While noting that ADAP has a few Republican champions in Washington, D.C. -- including Senator Richard Burr (R-N.C.) and Senator Enzi (R-Wyoming) -- Lefert acknowledged their effort to garner support for the program will be "slightly more difficult" this year, when compared to last.

Schaefer added that while there is a precedent for the federal government stepping in with emergency funding for ADAP - as President George W. Bush did in 2004 - these are different economic and social times today. And while healthcare reform will likely contribute to a better atmosphere for those infected with HIV/AIDS when it is enacted in 2014, that reform has also come under threat of repeal by Republican leadership.

"We’re not dismal on that possibility but the issue needs to be addressed presently," Schaefer said. "The federal government is not reacting in a sufficient way to address the recent [ADAP] crisis ... This crisis holds implications for so many more people than just that one individual and in the long run, it is more cost efficient to fund ADAP."
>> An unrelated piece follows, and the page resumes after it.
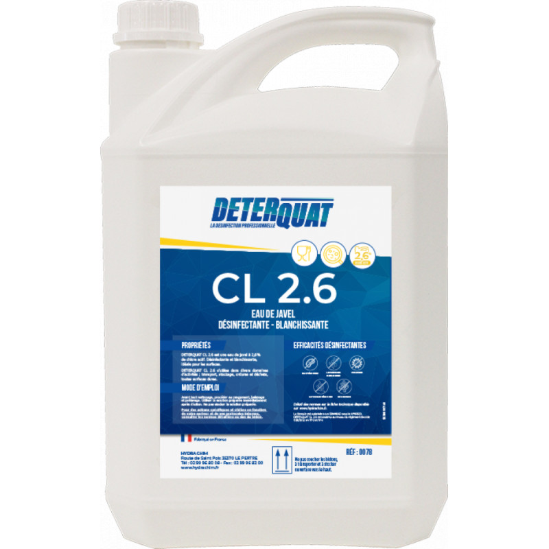 Eau de Javel 2,6 % (8°) : solution pro pour désinfecter, blanchir et désodoriser. Dosages standardisés, rinçage en contact alimentaire, usage HACCP.

Lefert added that it is important that lawmakers hear about the ADAP issue, as it often has been overshadowed by other legislation and - therefore - not even on the radar of many leaders. Without action, she said, more states run the risk of instituting waiting lists, holding potentially grave repercussions for the virus’s continued spread into at-risk communities.

"Whether folks are in states with waiting lists or not, we need to make sure their members of Congress know this is an important issue and that it affects the community," Lefert said. "The new members of Congress especially need to know about the system of care we have for people with HIV in this country and how it really is struggling."